- {{{other_names}}}
- Marché de Kinindo
- Kinindo Market Location within Burundi
- Coordinates: 3°24′24″S 29°20′58″E﻿ / ﻿3.40675°S 29.34951°E

= Kinindo Market =

The Kinindo Market (Marché de Kinindo) is a public market in Bujumbura, Burundi.

==Events and issues==
===Original market===
In October 2010 the mayor of Bujumbura decided to make some of the municipal markets more specialized.
Kinindo Market would be a center for storage, supply and wholesale of food products.
Wholesalers selling dried fish, hardware and second-hand clothes would be transferred to the modern Buyenzi Market.

In August 2011 there were 68 traders in 65 shops and stands.
The police closed the stands of the second hand clothes stores, so they would move to Buyenzi Market.
The vendors did not want to move, since they had spent a lot to set up their stands and would lose their customers if they moved.
The president of the General Traders Union (Sygeco) asked the Burundian mediator to help in the dispute, copying the Minister of Industry, Trade and Tourism and the Minister of Privatization and Good Governance.

===Rehabilitation===

In 2016 seven markets in Bujumbura were closed so they could be rehabilitated with funding from the European Union.
Traders were given a deadline of 18 January 2016 to vacate their stalls.
Temporary sites were allocated for the markets.
Kinama Market was given the Kinama zone football field, Ngagara Market had the Methodist Church field, Musaga Market had the SOCARTI field, Kinindo Market had the Kibenga field and Ruziba Market was relocated to a place called Kigobe beside the Mugere River.
Some traders moved to the temporary markets, and others to different markets that remained open.
The temporary market of Kibenga was in a poor site due to its proximity to the Kanyosha River.

===New market===
The market reopened on 3 July 2018, the second of the seven markets to be reopened.
Two days later there was still the sound of welding, since the work was not complete.
Some stands still had no doors, and others were closed.
There was a large open space on the left side of the market for sale of second hand clothes, and another on the right side with goods such as mattresses.
In the center there were a few fruit and vegetable traders with small quantities of produce, but no customers.

In July 2018, a week after the market reopened, about 50 traders had not yet received sales stalls.
1,200 stalls had been planned for the market, but few of them were functional.
The company who was doing the work had not completed it, so some stalls still had to be renovated.
The company returned the money to the traders so they could do the work themselves.
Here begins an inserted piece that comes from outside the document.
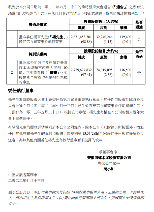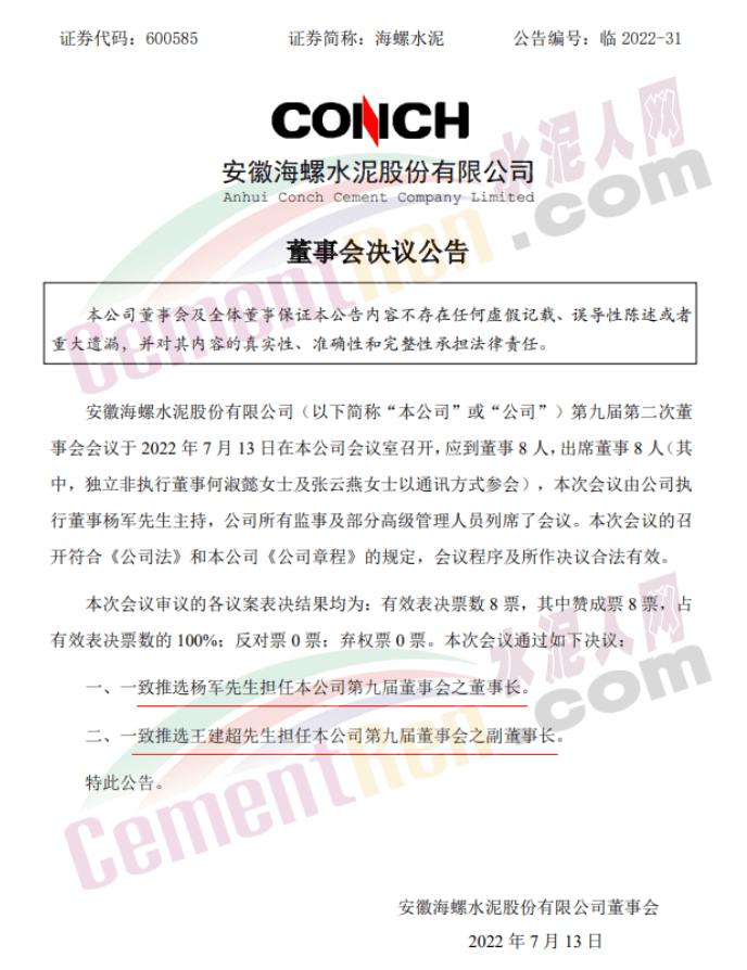 海螺水泥(600585)7月13日晚间公告,公司第九届第二次董事会会议于当日召开,会议一致推选杨军担任公司第九届董事会之董事长;一致推选王建超担任公司第九届董事会之副董事长。

The mayor of Bujumbura decided to transfer all bus parking lots with connections to the south of the country to Kinindo Market, effective August 2021.
On the first day, buses were parked haphazardly and were sinking into the sand and gravel of the parking lot.
There was no shelter for waiting passengers.
The parking lot did not have latrines, although there were said to be latrines in the market.
The bus agencies had not all moved to the market.